First talk was by Jay Lennon “A trait-based approach to microbial diversity”. Pointing out the limitation of studying lists of taxa. Asking about the phylogenetic conservation of traits, trade-offs between traits, and different kinds of traits. Talked about bacterial persistence and longevity. Claimed that 90% of skin bacteria were either dead or dormant.
Other talk in this session was from Pieter Dorrestein “Chemistry of the human habitat…”. Started off describing the significant lack of knowledge regarding indoor chemistry. Need that groundwork before we can relate that to microbes and the whole system. Talked mostly about what I would call chemical forensics, matching chemical signatures on between people and the objects that surround them.
Session #3 “Expanding the Toolkit: Modeling the Microbiome”
First up was Jennifer Martiny “Microbial biogeography in light of traits” As with Jay Lennon’s talk, an emphasis on traits versus lists of taxa. Mentioned the Doolittle argument that because of HGT and rapid evolution, taxonomy might not be as informative as we hope. However, she went on to show data that in fact there is a strong phylogenetic signal among microbes. Gave some neat examples about microbial traits.
Next in session was Patricia Fabian (remotely) “Modeling the Built Environment, Indoor Air Quality, and Health: A Systems Science Approach”. Talked about the challenges facing models, including multi-factorial nature, rare diseases, insufficient power in most studies, etc. But, did show the advantages of the modeling approach… giving some interesting examples including influenza survival and impact of weatherization on low income multi family housing.
Session #4 “Analyzing What’s Known from Case Examples: Comparing and Contrasting Results”
Tiina Reponen “Microbiomes of the Built Environment: Homes”. She started of by listing those attributes that make homes different from hospitals and the ISS (this is a comparative session). Those were pets, influence of outdoor fungi, humidity, and building materials. Showed the effects of various home characteristics on microbial richness, abundance, spores, etc. Then made the point that what we really want to know is the relationship to health effects. Talked in depth about the CCAAPS study, where they looked at homes over a long time. Also discussed the ERMI index (Environmental Relative Moldiness Index) which is a PCR-based assay that appears to be predictive in infants of later development of asthma.

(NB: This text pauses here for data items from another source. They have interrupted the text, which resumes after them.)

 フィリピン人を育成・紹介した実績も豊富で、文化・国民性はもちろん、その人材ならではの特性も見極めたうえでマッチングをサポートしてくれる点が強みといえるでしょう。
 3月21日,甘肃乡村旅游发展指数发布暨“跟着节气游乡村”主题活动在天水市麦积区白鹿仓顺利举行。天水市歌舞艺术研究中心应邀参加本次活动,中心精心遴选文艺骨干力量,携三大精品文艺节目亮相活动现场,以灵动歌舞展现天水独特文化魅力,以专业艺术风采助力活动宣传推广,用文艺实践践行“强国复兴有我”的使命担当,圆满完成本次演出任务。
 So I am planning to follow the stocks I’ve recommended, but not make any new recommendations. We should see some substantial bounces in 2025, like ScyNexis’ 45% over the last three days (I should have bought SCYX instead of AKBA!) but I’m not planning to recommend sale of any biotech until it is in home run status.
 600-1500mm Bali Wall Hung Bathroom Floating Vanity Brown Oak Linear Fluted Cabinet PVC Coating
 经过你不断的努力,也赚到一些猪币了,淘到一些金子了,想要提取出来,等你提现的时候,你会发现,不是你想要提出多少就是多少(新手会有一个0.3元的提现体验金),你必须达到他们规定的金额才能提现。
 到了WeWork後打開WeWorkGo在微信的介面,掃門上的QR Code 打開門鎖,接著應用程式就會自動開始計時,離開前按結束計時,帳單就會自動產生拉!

Next was Brandon “Bubba” Brooks, “Reviewing major themes in hospital microbiome research”. Gave a good background on hospital work. Talked about the NICU as both and important and tractable study system. Showed source-tracking data about where microbes on touch surfaces in the hospital come from. Emphasized the need for genome sequencing, strain-level differences are important. Summarized differences between hospitals and houses. Hospitals are more sourced from humans, more spatial separation, etc.
Last talk in this group was Kasthuri Venkateswaran “Venkat” talking about “Environmental “omics on the ISS”. Talking about Planetary Protection and why NASA cares about the microbiome. NASA has access to some really cool closed systems, not just the ISS but various testing facilities including underwater. Gave some geography of the ISS. Talked about the results of a large-scale survey of the ISS, did both culture-dependent and culture-independent methods. Looked at both bacteria and fungi.